Output, exactly as written, the lines below starting at the line containing "An der Westseite" and ending at the line containing "Hier die Ergebnisse: da". Drop the pictures and keep both end lines.

§ Exercise input:

==================================================

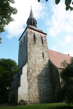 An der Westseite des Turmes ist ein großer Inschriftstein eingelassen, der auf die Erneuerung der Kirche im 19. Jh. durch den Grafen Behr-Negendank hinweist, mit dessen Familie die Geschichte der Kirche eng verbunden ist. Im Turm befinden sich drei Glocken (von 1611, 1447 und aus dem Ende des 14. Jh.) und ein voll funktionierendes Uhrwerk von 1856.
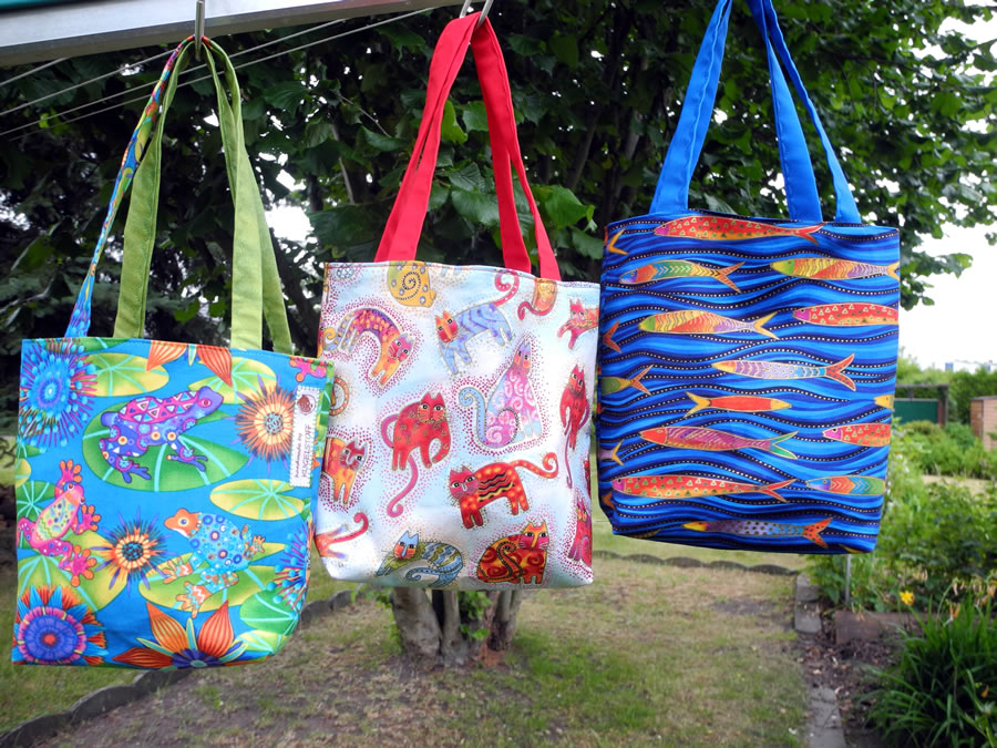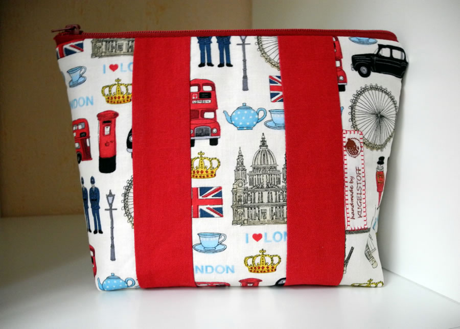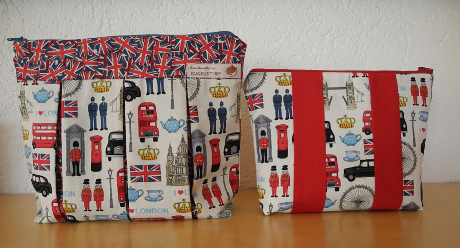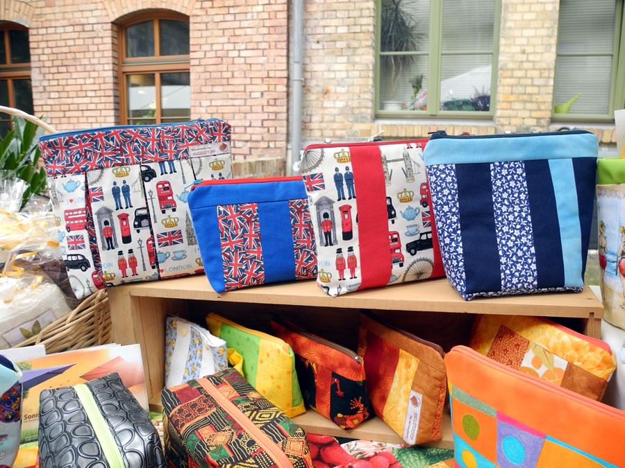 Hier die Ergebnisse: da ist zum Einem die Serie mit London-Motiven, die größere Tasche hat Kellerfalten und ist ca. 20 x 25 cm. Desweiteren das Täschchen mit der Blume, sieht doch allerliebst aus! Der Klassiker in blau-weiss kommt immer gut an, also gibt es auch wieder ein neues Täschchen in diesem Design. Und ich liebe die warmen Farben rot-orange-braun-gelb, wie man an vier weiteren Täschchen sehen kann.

==================================================

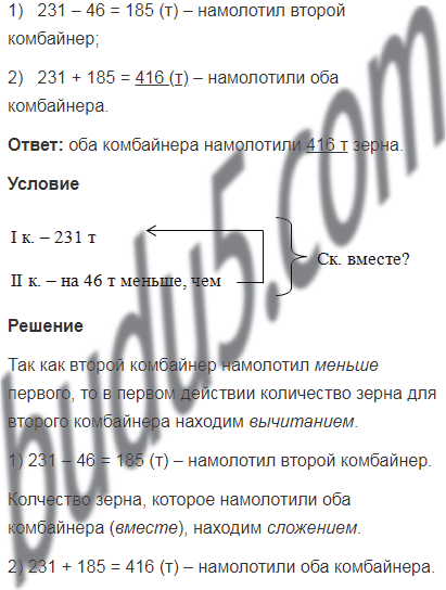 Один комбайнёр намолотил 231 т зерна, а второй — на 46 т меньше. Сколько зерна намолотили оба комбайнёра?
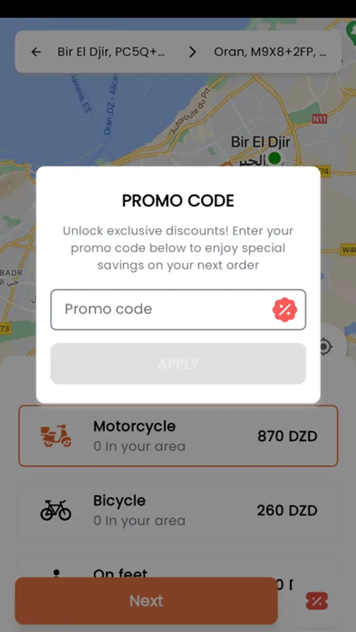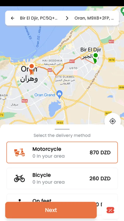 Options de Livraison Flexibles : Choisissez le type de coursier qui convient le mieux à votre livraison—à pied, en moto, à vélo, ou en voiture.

==================================================

§ Exercise output:
 An der Westseite des Turmes ist ein großer Inschriftstein eingelassen, der auf die Erneuerung der Kirche im 19. Jh. durch den Grafen Behr-Negendank hinweist, mit dessen Familie die Geschichte der Kirche eng verbunden ist. Im Turm befinden sich drei Glocken (von 1611, 1447 und aus dem Ende des 14. Jh.) und ein voll funktionierendes Uhrwerk von 1856.
 Hier die Ergebnisse: da ist zum Einem die Serie mit London-Motiven, die größere Tasche hat Kellerfalten und ist ca. 20 x 25 cm. Desweiteren das Täschchen mit der Blume, sieht doch allerliebst aus! Der Klassiker in blau-weiss kommt immer gut an, also gibt es auch wieder ein neues Täschchen in diesem Design. Und ich liebe die warmen Farben rot-orange-braun-gelb, wie man an vier weiteren Täschchen sehen kann.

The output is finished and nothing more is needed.